Action item. Nothing but a verbatim copy of the data, minus the images, should be returned.

Data.
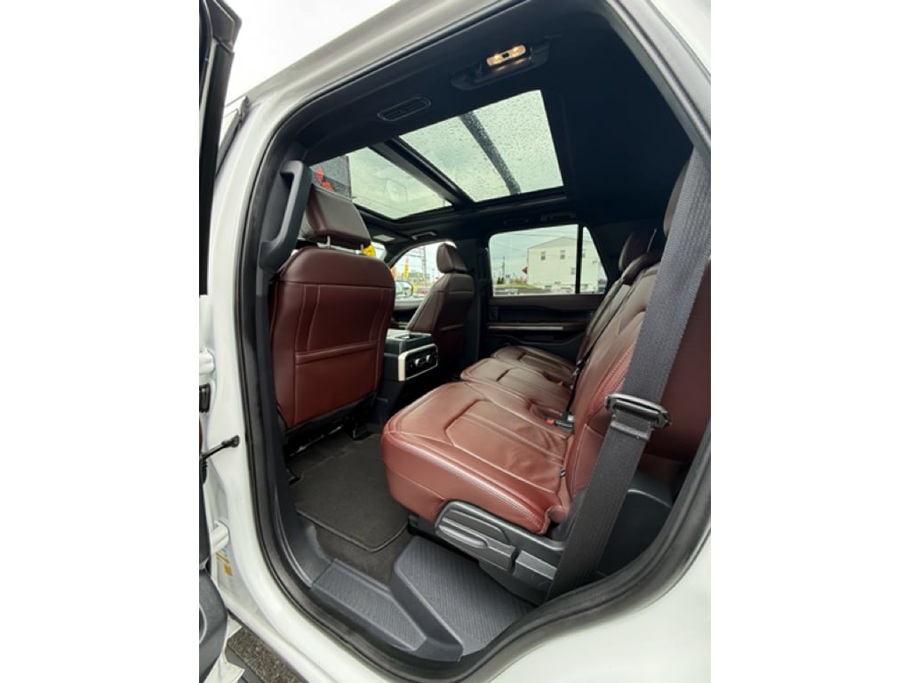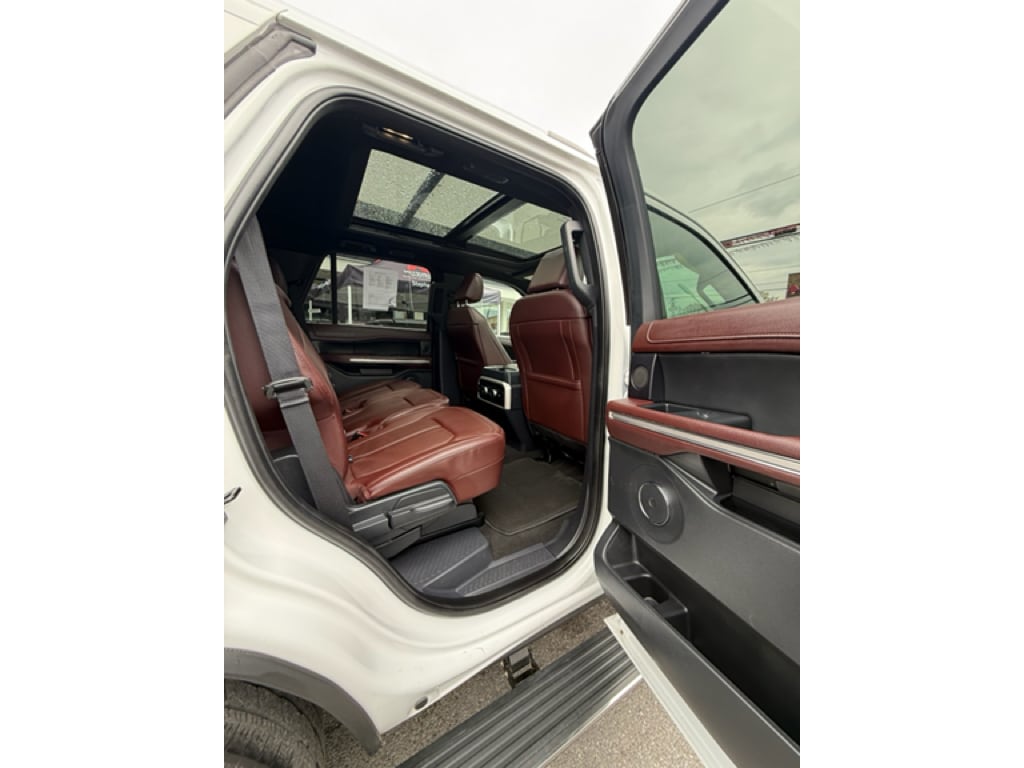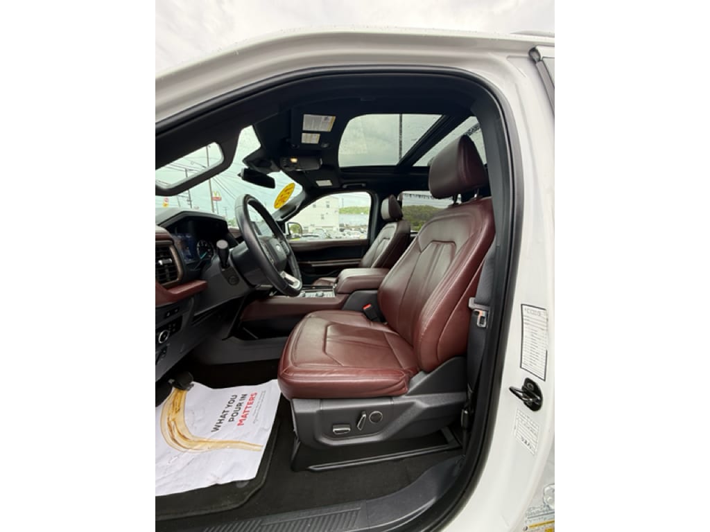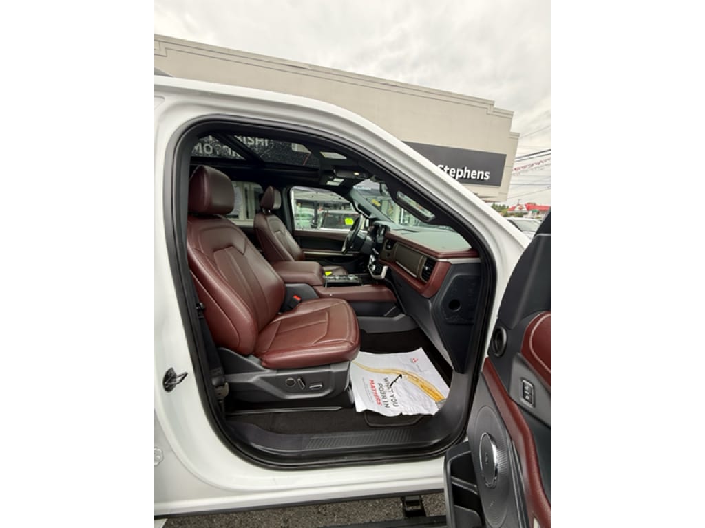 Equipment Group 302A High Package: Heated and Ventilated Leather Front Captain's Chairs; 22 12-Spoke Polished Aluminum Wheels; 7. 450 lbs GVWR; B&O Sound System by Bang and Olufsen; Ebony Black Mesh Grille; Power-Folding Sideview Mirrors with Autofold; Magnetic-Painted Power Deployable Running Boards; 10-Speed Automatic Transmission with SelectShift; Panoramic Vista Roof; 3.5L EcoBoost V6 Engine; Heavy-Duty Independent Suspension; P285/45R22 110H AS BSW Tires; 3.31 Axle Ratio. Ford Co-Pilot360 Assist 2.0: Connected Navigation; Reverse Brake Assist; 360-Degree Camera with Split View. Panoramic Vista Roof. 2nd Row Power-Folding 40/20/40 Leather Bench Seat. Mahogany. Advanced Cargo Manager. **Equipment listed is based on original vehicle build and subject to change. Please confirm the accuracy of the included equipment by calling the dealer prior to purchase.**
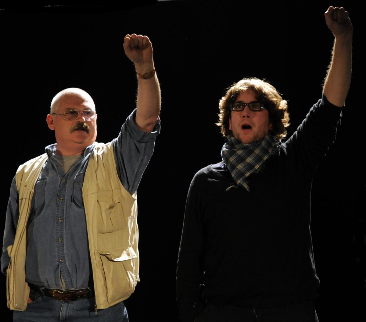 ouvrier de l'automobile Cgt et Miguel Urban de Izquierda Anticapitalista chantant l'internationale
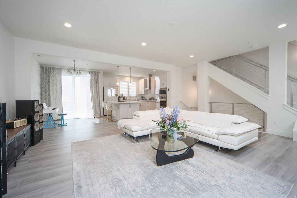 Townhouse with rooftop terrace and breathtaking views built by Sego Homes. Beautiful 3-bedroom, 2.5-bath townhome located just a 5-minute walk from the lake, Harmons Grocery, and a variety of restaurants. 5-minute walk to LDS church, community swimming pool and Bingham creek regional park. This thoughtfully designed home features an open-concept living and kitchen area with a half bath on the second floor, and all three bedrooms, two full bathrooms, and laundry conveniently located on the third floor. Enjoy year-round comfort with two HVAC systems, and seamless connectivity with built-in Wi-Fi mesh throughout the home. Entertain with ease thanks to pre-plumbing for a wet bar and pre-wiring for an electric fireplace on the fourth floor. The rooftop deck is hot tub-ready with 220V power and includes a natural gas hookup-perfect for outdoor living. A rare find in a prime, walkable location! Square footage figures are provided as a courtesy estimate only . Buyer is advised to obtain an independent measurement.

The completed task.
 Equipment Group 302A High Package: Heated and Ventilated Leather Front Captain's Chairs; 22 12-Spoke Polished Aluminum Wheels; 7. 450 lbs GVWR; B&O Sound System by Bang and Olufsen; Ebony Black Mesh Grille; Power-Folding Sideview Mirrors with Autofold; Magnetic-Painted Power Deployable Running Boards; 10-Speed Automatic Transmission with SelectShift; Panoramic Vista Roof; 3.5L EcoBoost V6 Engine; Heavy-Duty Independent Suspension; P285/45R22 110H AS BSW Tires; 3.31 Axle Ratio. Ford Co-Pilot360 Assist 2.0: Connected Navigation; Reverse Brake Assist; 360-Degree Camera with Split View. Panoramic Vista Roof. 2nd Row Power-Folding 40/20/40 Leather Bench Seat. Mahogany. Advanced Cargo Manager. **Equipment listed is based on original vehicle build and subject to change. Please confirm the accuracy of the included equipment by calling the dealer prior to purchase.**
 ouvrier de l'automobile Cgt et Miguel Urban de Izquierda Anticapitalista chantant l'internationale
 Townhouse with rooftop terrace and breathtaking views built by Sego Homes. Beautiful 3-bedroom, 2.5-bath townhome located just a 5-minute walk from the lake, Harmons Grocery, and a variety of restaurants. 5-minute walk to LDS church, community swimming pool and Bingham creek regional park. This thoughtfully designed home features an open-concept living and kitchen area with a half bath on the second floor, and all three bedrooms, two full bathrooms, and laundry conveniently located on the third floor. Enjoy year-round comfort with two HVAC systems, and seamless connectivity with built-in Wi-Fi mesh throughout the home. Entertain with ease thanks to pre-plumbing for a wet bar and pre-wiring for an electric fireplace on the fourth floor. The rooftop deck is hot tub-ready with 220V power and includes a natural gas hookup-perfect for outdoor living. A rare find in a prime, walkable location! Square footage figures are provided as a courtesy estimate only . Buyer is advised to obtain an independent measurement.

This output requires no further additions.